Question

In a potentiometer a standard cell of EMF 5V and of negligible resistance maintains a steady current through the potentiometer wire of length 5 meter. Two primary cells of emf ${E_1}$ and ${E_2}$, are joined in series. (i) same polarity, (ii) opposite polarity. The configuration is connected to a galvanometer and a jockey to the potentiometer. The balancing lengths in the two cases are found to be 350 cm and 5 cm respectively.
A) Draw the necessary circuit diagram.
B) Find the value of the emf’s of the two cells,

Answer 1

Hint: In a potentiometer the jockey is used to slide over the wire to find the balancing length. The polarity is different in the two cases.

Complete step by step solution:
Here the first step is to understand the questions and the conditions given.
There is wire AB of length 5 meter. It is connected to a 5 volt cell. So let us start drawing the circuit.
The first part of the circuit:

The above diagram is the first part of the circuit.
Now for the second part the two cells are connected in series. So for the next part we are going to add them to the first part directly without drawing it separately.

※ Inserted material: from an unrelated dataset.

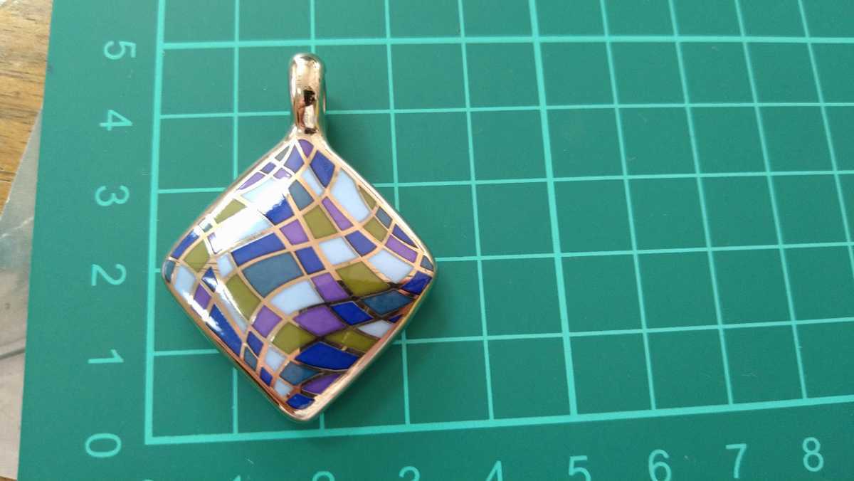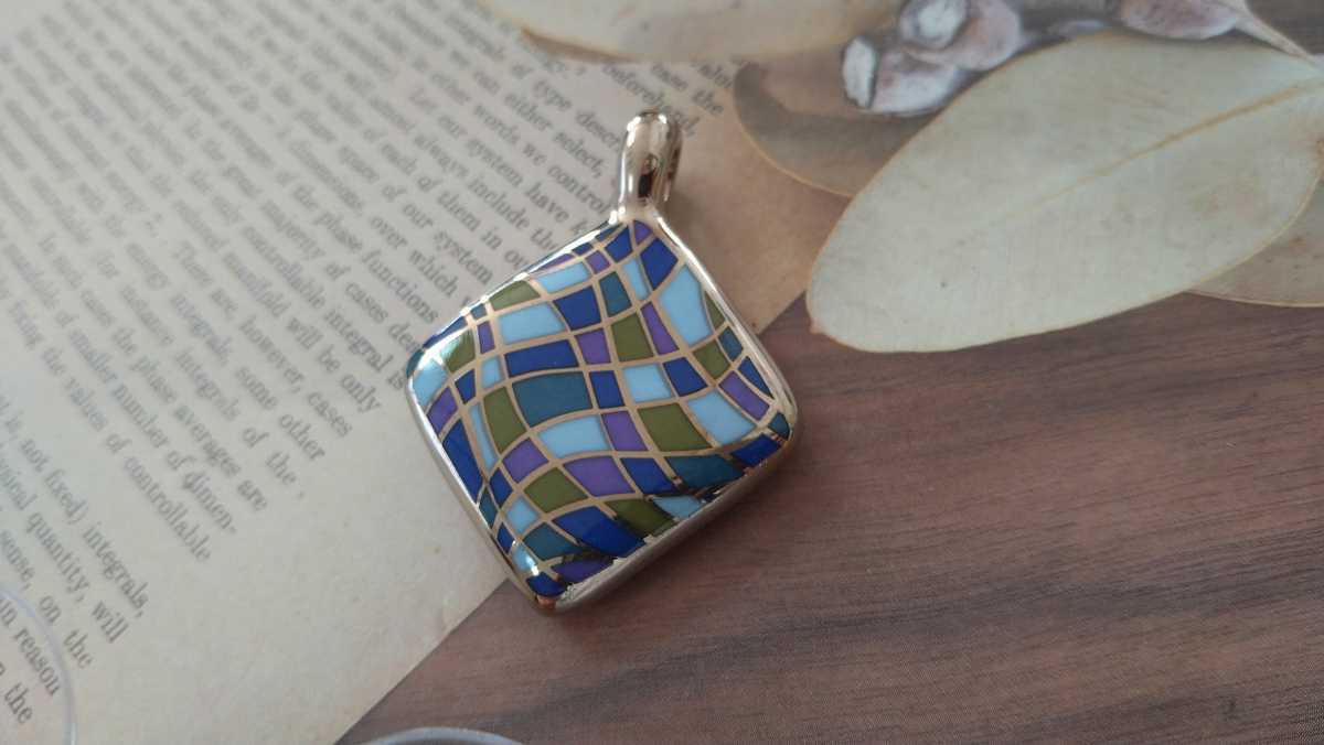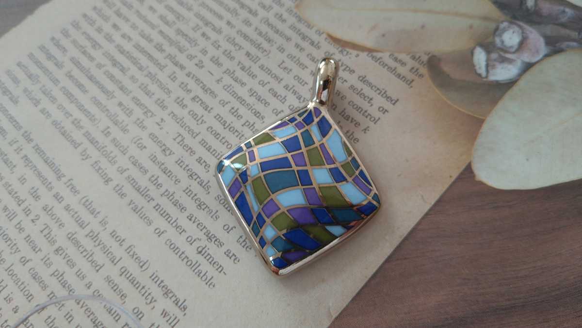 青×水色×紫×シルバーカラーの菱形ペンダントトップです

The above diagram shows the final circuit for the given condition.
Now for the second part of the question;
The potential gradient is to be calculated.
Hence if emf is 5 volts and length is 5 meters the potential gradient of AB is given by;
$k = \dfrac{V}{{{l_{cm}}}}$ here V is potential difference across the length and ${l_{cm}}$ is the length of AB in centimeter
So $k = \dfrac{{5V}}{{500cm}} = \dfrac{{1}}{{100}}$
Now case 1: the cells have same polarity-
Thus ${E_1} + {E_2} = kl$, here, l is the balancing length for the same polarity, so, l= 350cm.
Hence, ${E_1} + {E_2} = \dfrac{1}{{100}} \times 350 = 3.5$ (equation: 1)
Now for Case 2: the polarities of the cell are opposite-
Hence, ${E_1} - {E_2} = kl'$ here $l'$ is the balancing length for opposite polarity, so $l' = 5cm$.]
Thus, ${E_1} - {E_2} = \dfrac{1}{{100}} \times 5 = 0.05$ (equation: 2)
Now we solve the equations 1 and 2;
First adding equation 2 to equation 1, we get;
$2{E_1} = 3.55$
Thus, ${E_1} = \dfrac{{3.55}}{2} = 1.78V$
Now substituting the value of ${E_1}$ in equation 1 we get;
$1.78 + {E_2} = 3.5$
Hence, ${E_2} = 3.5 - 1.78 = 1.72V$

Therefore, the emf’s are 1.78 and 1.72 volts respectively.

Note: The polarity is a very important character. It should be carefully considered.
Whenever a question of a potentiometer like this comes, the first step should be to draw the diagram for better understanding of the conditions and the second step should be finding the potential gradient.